Title: Re: Hooking up Tandy 1000TL to internet
Post by: bsisko on July 08, 2019, 01:43:08 AM
Ahh Dawlene,  thanks for the advice.  It was the 8-bit guys videos that gave me the idea to retrobrite my machine.  Leaving things out in the sun is out, since I live in a apartment complex.
One of the things i do want to retrobrite is a CRT monitor.  I noticed when I watch the 8-bit guys, he takes things apart and leave them in a solution.  My question is, which sounds stupid, do yo have to take the CRT apart, or can it be retrobrited in the case  Secondly, is it cheaper to buy a new keyboard than to try to repair the keyboard that came with the machine.  It needs to be retrobrited, and some of the keys you have to press several times for it to register a click.
Title: Re: Hooking up Tandy 1000TL to internet
Post by: dawlane on July 08, 2019, 09:18:17 AM
You should strip things down if you want to Retro Bright. It stops the solution from causing damage to components and metals. Take plenty of pictures during dismantling so you know how to put it back together. Getting hold of a service manual would be a big help in how to dismantle and rebuild.
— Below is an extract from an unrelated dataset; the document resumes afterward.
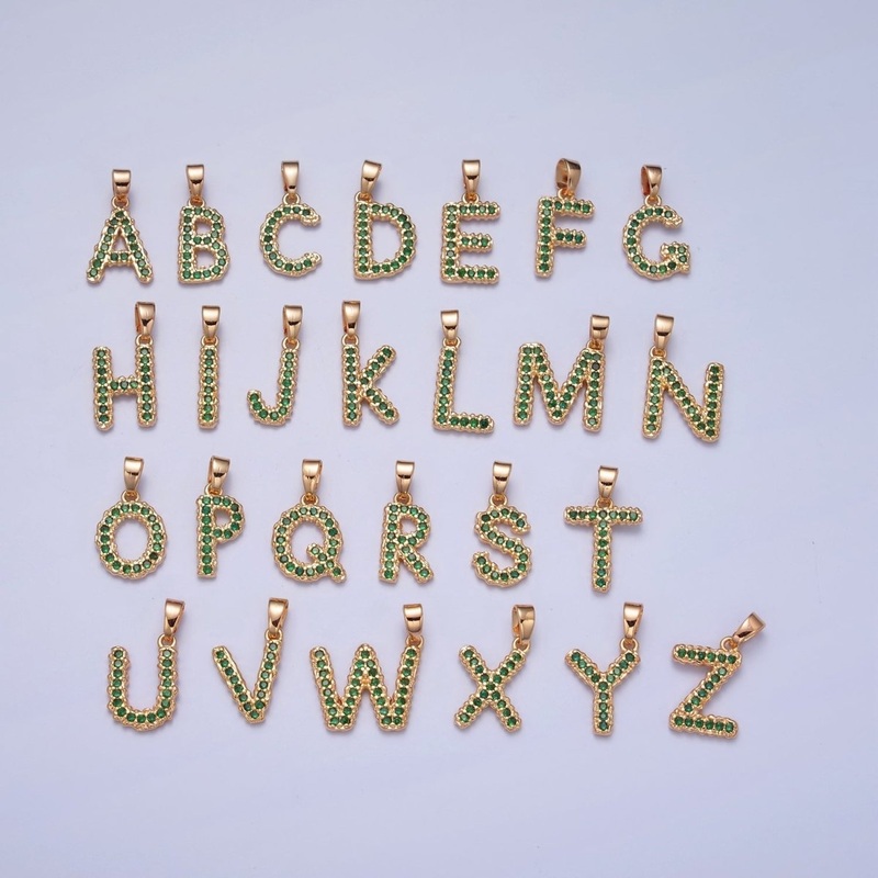 18k Gold Filled Emerald Green CZ Initial, Letter Alphabet Micro Pave charms Dainty Gold Cubic Pendant Charm for Necklace Bracelet Personalized Jewelry A-901-A-913 a
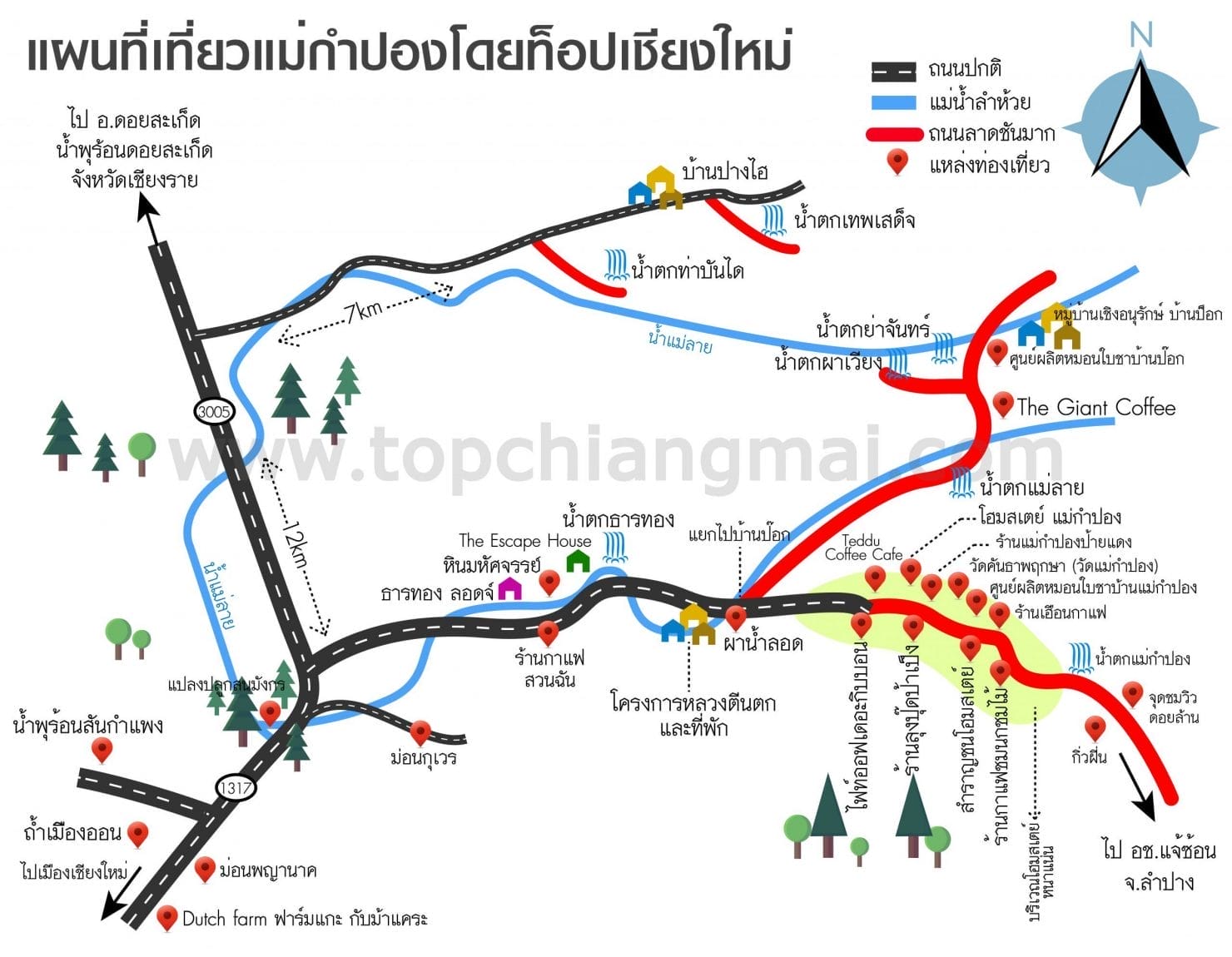ลองดูกันครับว่า จากแผนที่มีอะไรน่าสนใจบ้าง โดยท็อปเชียงใหม่ เดินทางมาจากตัวเมืองเชียงใหม่ ถนน1317 เพื่อที่จะไปหมู่บ้านแม่กำปอง ผ่านถ้ำเมืองออน และผ่านแยกเข้าน้ำพุร้อน ก่อนถึงแยกไปแม่กำปอง จุดนี้เป็นแหล่งขายต้นไม้ทั้งสองข้างทาง แหล่งท่องเที่ยวสำคัญๆ ตามเส้นทาง ก็มีดังนี้ครับ

If you haven't got access to direct sun light, you can create a Retro Bright box. Basically a big container lined with a reflective material and a UV light. I did come across another YouTube video ( showing a new method using a Sous Vide (usually used in professional restaurants). The Sous Vide looks to be the best solution as it gives better control and results. Just boiling the parts in a pan would be too risky.

Keyboards can be tricky to repair. It all comes down to the type of mechanism and it's design. According to Deskthority (, the Tandy 1000 used third generation Fujitsu Leaf Spring ( switches. There would be no easy solution to repair these, so getting hold of a keyboard for spares would be a more viable solution. But first you should try and give them a clean.

When you start maintaining old computers; be prepared to have to start buying a few electrician tools:
Soldering Iron
Desoldering iron
Multi-meter with various leads and clamps.
Wire strippers and snipers
Various pliers
A screw driver set
A small spanner set
A small socket set.
An Oscilloscope.
Work stands with magnifying glass.
Any relevant service manuals.
And some knowledge of electrical circuits and safety.

Another tip: Before even powering up any old electrical hardware you should test all components with a multi-meter. The last thing you want to do is electrocute yourself, cause a fire, or damage an irreplaceable component due to a bad capacitor or voltage regulator. Again there are plenty of YouTube videos on how to test components, but a service manual would be a must.

Side note: It may be worth considering connecting a modern pc to old hardware via the serial port or the printer port (
Title: Re: Hooking up Tandy 1000TL to internet
Post by: bsisko on July 10, 2019, 02:19:26 AM

Are there any videos on connecting modern pcs via the serial or printer port?
Title: Re: Hooking up Tandy 1000TL to internet
Post by: dawlane on July 10, 2019, 10:03:00 AM
I have not seen any videos for serial or printer port connection. Both of these methods rely on there being MS-DOS being installed and a bit of scripting/programming using either a custom cable (for printer connection) or a serial/usb-to-serial cable with additional male/female DB9 adaptor. The latter cable and adaptors can be purchased from Amazon or any good Electronics outlet that deals with electronics.

Another possible method is to upgrade the floppy disk to using a floppy emulator.
You will need to see Adrian Black ('s videos and any others video or articles that you can find.

You may even be able to use a flash drive as a hard drive ( This more than likely will be down to the capabilities of the computer model.